_Task prompt_. Nothing but the lines below from the one holding "圖 2:腕帶光學(xué)心率監(jiān)測(cè)器的框圖。" up to and including the one holding "Nghe có vẻ phức" should be copied, exactly and without pictures.
Data extract Block Start
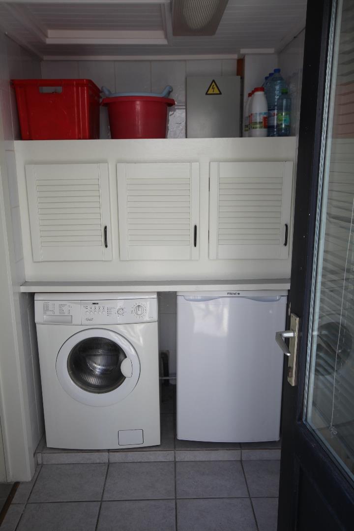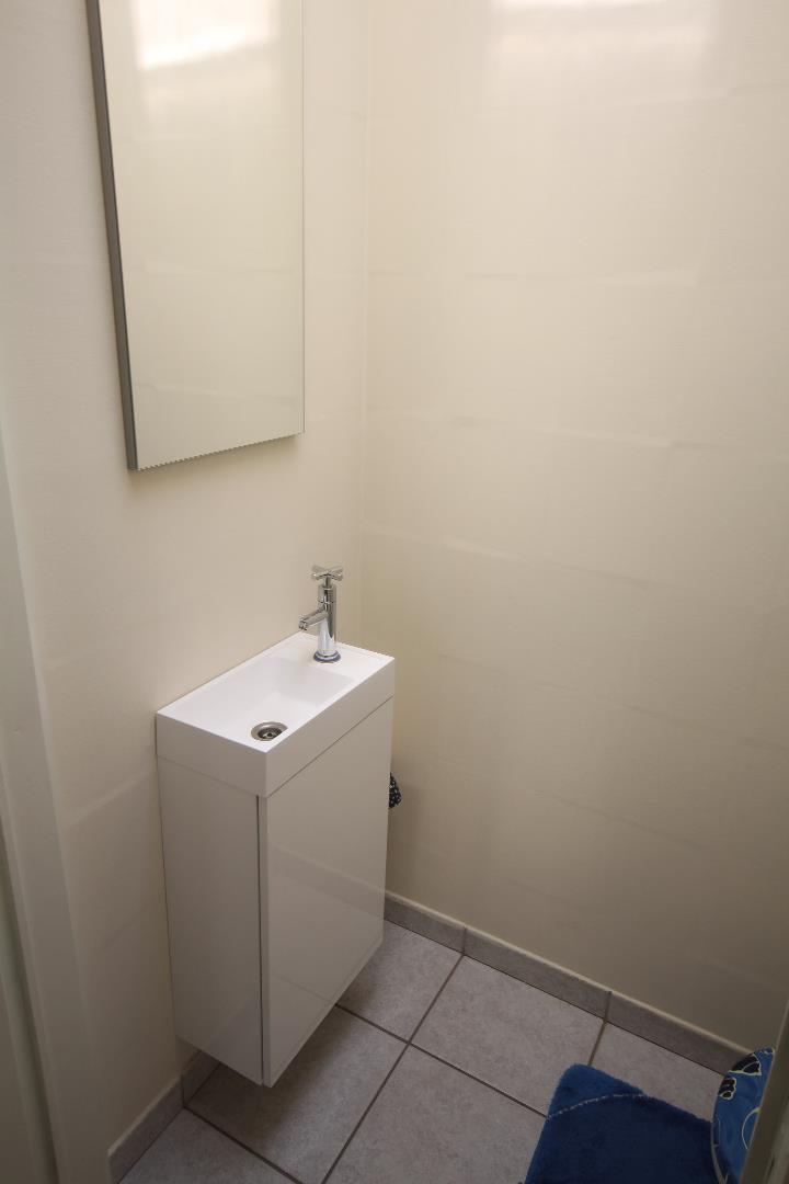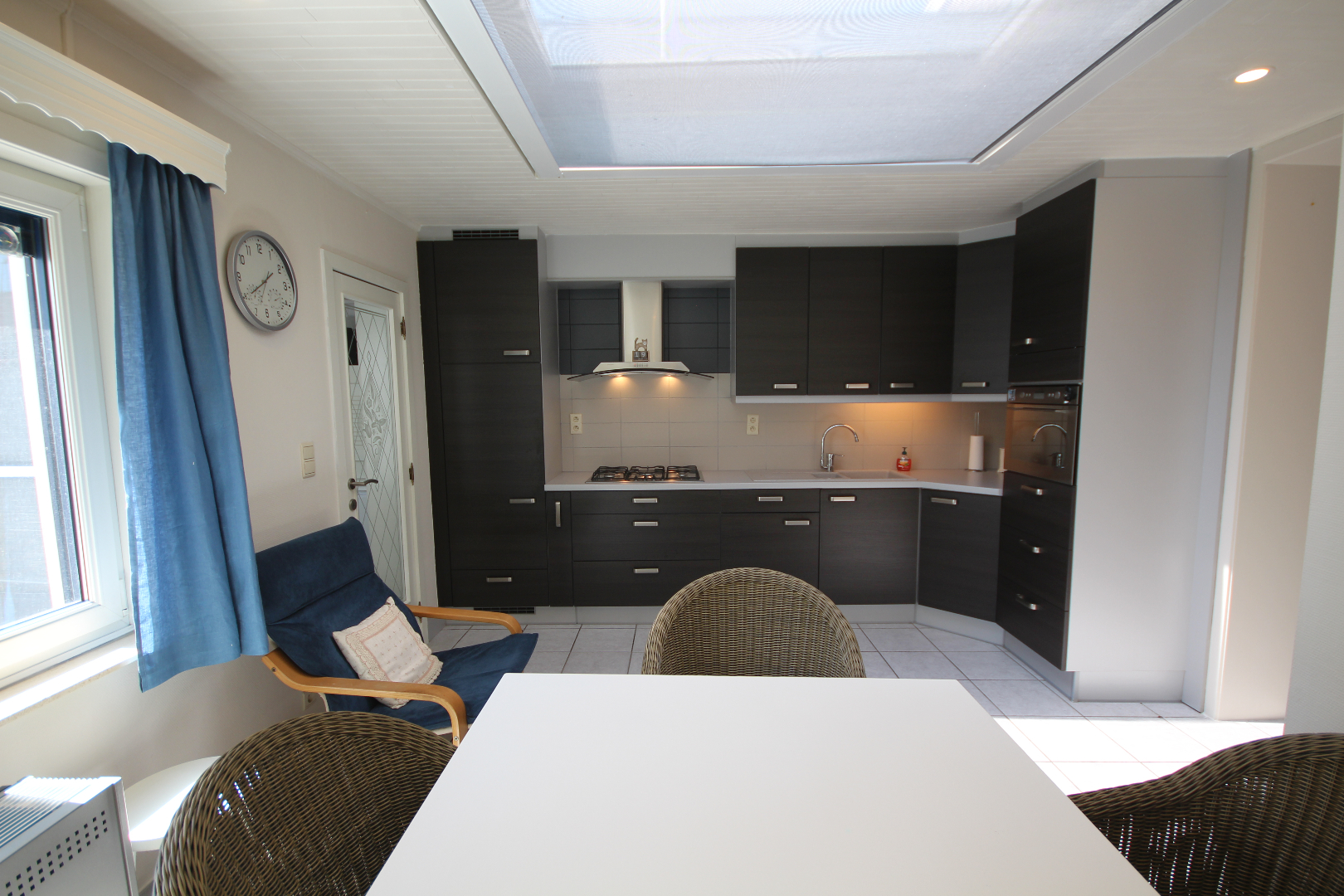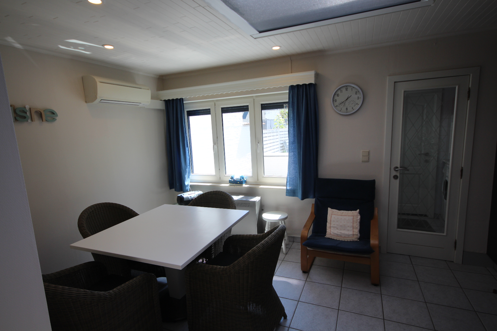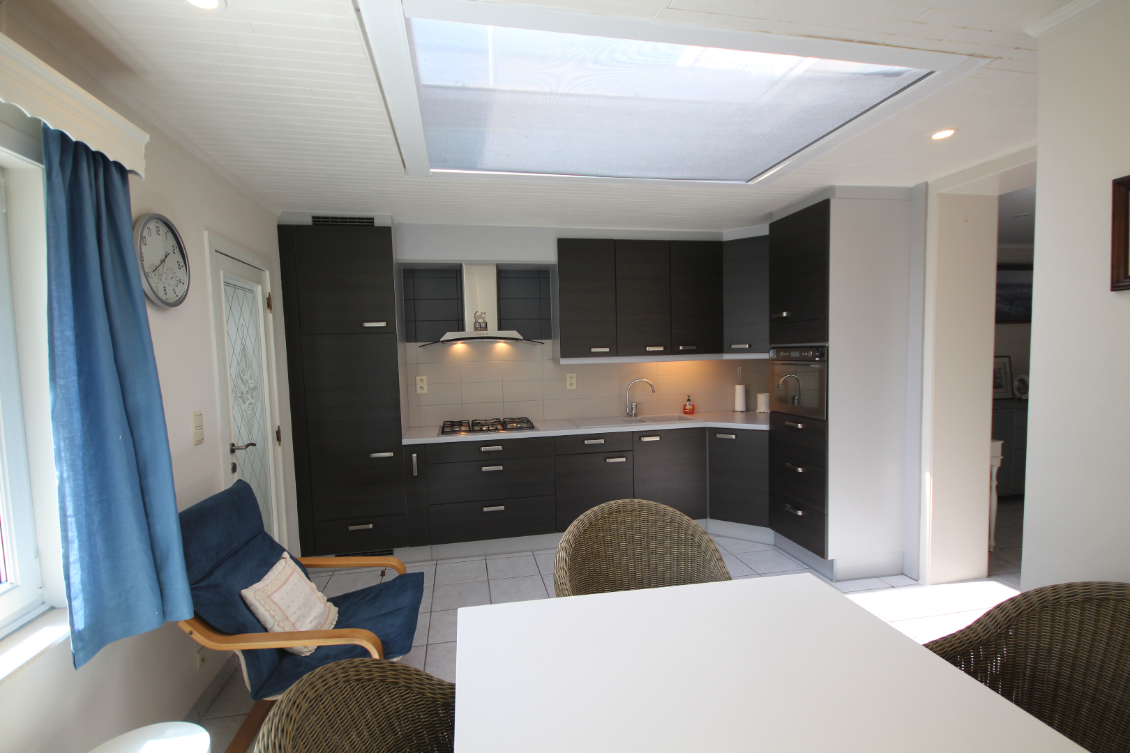 - gelijkvloers: met gang + vestiaire,- w.c. + ingemaakte kast, en meubel + lavabo (lichtkoepel),- salon (27 m²) met rustieke sierschouw + eiken balk + gashaard,- aanbouw met eetplaats-keuken (17 m²) met gaskachel & airco, grote lichtkoepel, en L-vormige keukenblok (onder- en bovenkasten in donker-grijze meubelplaat) + ingebouwde gas-kookplaat, hang-dampkap in inox, micro-combi-oven, frigo, en dubbele afwasbak in kunststof,- sas met zekeringkast, SMA-Solar netgekoppelde omvormer (zonnepanelen), ingebouwde kast, koerdeur, zolderluik, en aansluiting voor was- & droogautomaat,- zolderberging (boven de annexe),- badkamer met regendouche, w.c., L-vormige toiletmeubel + ingebouwde lavabo + spiegelkast, en kast met hydrofoor + gasgeiser,- zonnige koer (4,25 x 2,25),- zonneterras (4,68 x 4) + kiesel-tuintje (10,40 x 4,68) + fontein,- en achtergebouw (25,30 m²) met garage + elektrische sectionale poort en werkplaats,- en oprit in betonnen klinkers ;
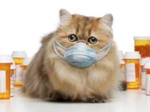 Не следует позволять вашему усатому другу общаться с заболевшими животными.
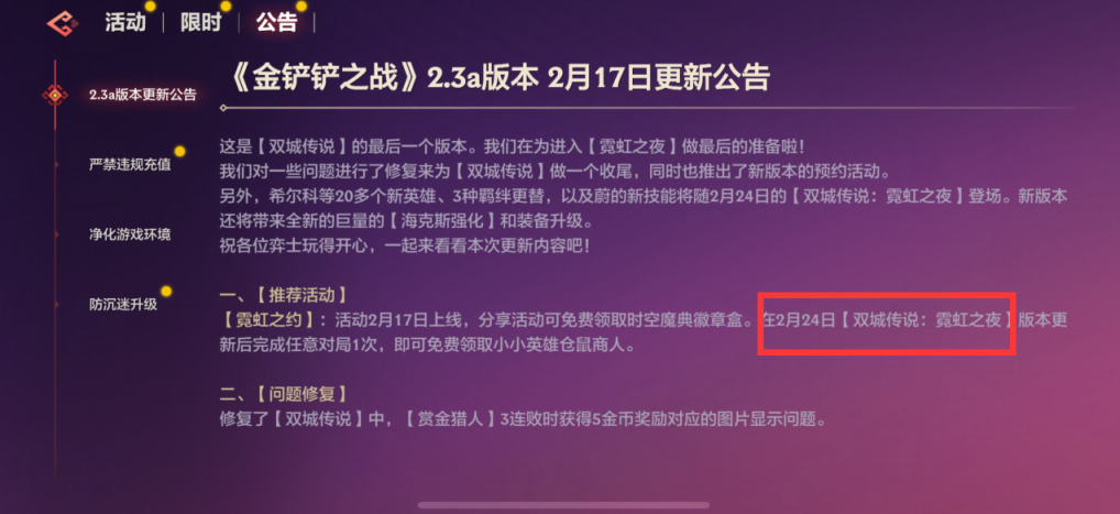 本次的金铲铲之战游戏霓虹之夜会在2月24号正式上线,也就是还有几天的时间,除此以外,官方还常规地删除和增加了一些羁绊,还有棋子,变更了赛季风格,非常值得期待。
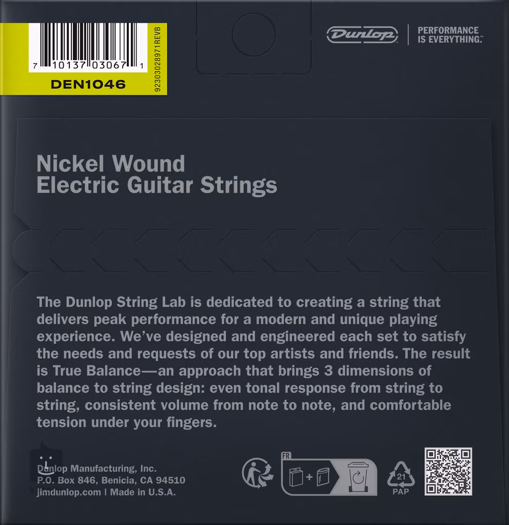 Značku Dunlop snad ani není třeba představovat. Tato kalifornská společnost se již od šedesátých let zaměřuje na výrobu kytarového příslušenství – efektů, kapodastrů, slidů, strun a zejména kytarových trsátek. Jedná se o zlatou stálici na trhu, která zaručeně patří mezi ty nejlepší. Od jejich strun tak můžete očekávat tu nejvyšší možnou kvalitu.
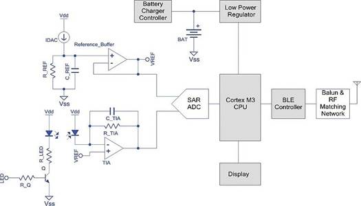 圖 2:腕帶光學(xué)心率監(jiān)測(cè)器的框圖。
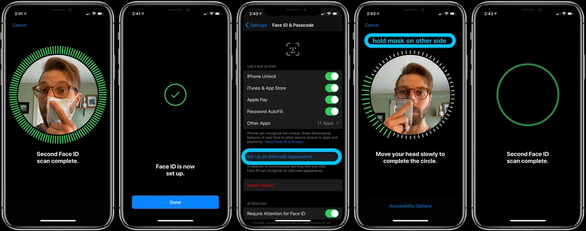 Nghe có vẻ phức tạp nhưng cách làm rất đơn giản và là kết quả tìm tòi của một nhóm nghiên cứu thuộc tập đoàn Tencent của Trung Quốc. Việc bạn cần làm là mở cài đặt, chọn thiết lập Face ID và dùng khẩu trang che một nửa khuôn mặt trong quá trình quét.
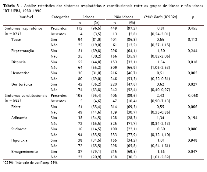 O tempo sintomático da TP foi aferido em 566 pacientes e variou de 0 a 720 dias. O tempo mediano de 90 dias para os idosos e 60 dias para os não idosos demonstrou bem a significância entre os grupos (p = 0,0001). Houve, no entanto, casos extremos de idosos com tempo sintomático superior a 1 ano. Os sintomas respiratórios foram estudados em 578 pacientes e estiveram presentes em 561. Cento e doze (96,5%) eram idosos e 449 (97,2%) não idosos. A Tabela 3 revelou a freqüência e discriminação destes sintomas entre os grupos. Nesta análise, a tosse foi o sintoma igualmente mais comum em toda a amostra (acima de 80%) e ficou evidente a associação significativa da dispnéia com os idosos e da hemoptise e dor torácica com os não idosos. A dispnéia foi relatada em 52 (44,8%) idosos e 153 (33,1%) não idosos (p = 0,018); a hemoptise em 216 (46,7%) não idosos e 36 (31%) idosos (p = 0,002) e a dor torácica em 220 (47,6%) não idosos e 42 (36,2%) idosos (p = 0,027).
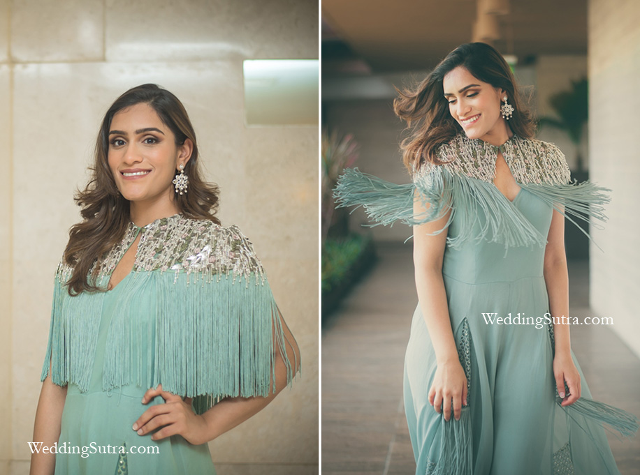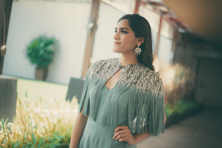 Anushi’s outfit of choice was a sea green gown from Aza Fashions. The ensemble came with a fringed cape that featured intricate embroidery on the shoulders. To go with this contemporary look she picked out a pair of gorgeous floral earrings from Kalyan Jewellers, “Jewellery with floral designs are not uncommon but what makes the pair of earrings I wore stand out is the timeless charm it radiates with. The asymmetrical stones, set in proportioned frames balanced form with whimsical aesthetics making it a design that is one-of-a-kind.”
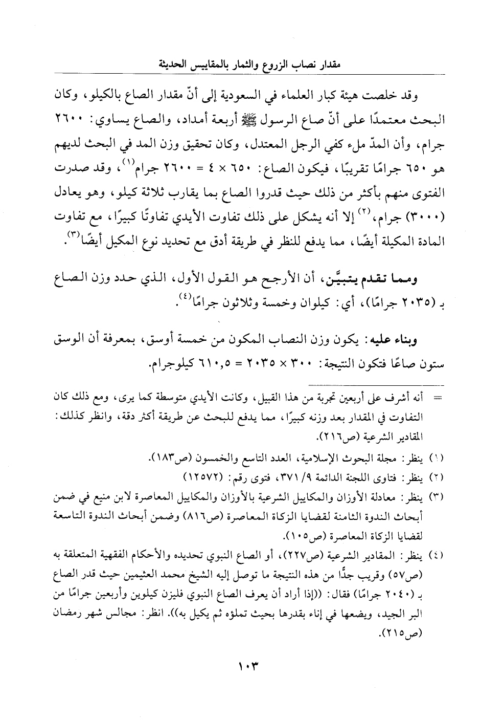 (¬4) ينظر: المقادير الشرعية (ص 227)، أو الصاع النبوي تحديده والأحكام الفقهية المتعلقة به (ص 57) وقريب جدًّا من هذه النتيجة ما توصل إليه الشيخ محمد العثيمين حيث قدر الصاع بـ (2040 جرامًا) فقال: "إذا أراد أن يعرف الصاع النبوي فليزن كيلوين وأربعين جرامًا من البر الجيد، ويضعها في إناء بقدرها بحيث تملؤه ثم يكيل به". انظر: مجالس شهر رمضان (215).
Data extract Block End
_Written solution_.
 圖 2:腕帶光學(xué)心率監(jiān)測(cè)器的框圖。
 Nghe có vẻ phức tạp nhưng cách làm rất đơn giản và là kết quả tìm tòi của một nhóm nghiên cứu thuộc tập đoàn Tencent của Trung Quốc. Việc bạn cần làm là mở cài đặt, chọn thiết lập Face ID và dùng khẩu trang che một nửa khuôn mặt trong quá trình quét.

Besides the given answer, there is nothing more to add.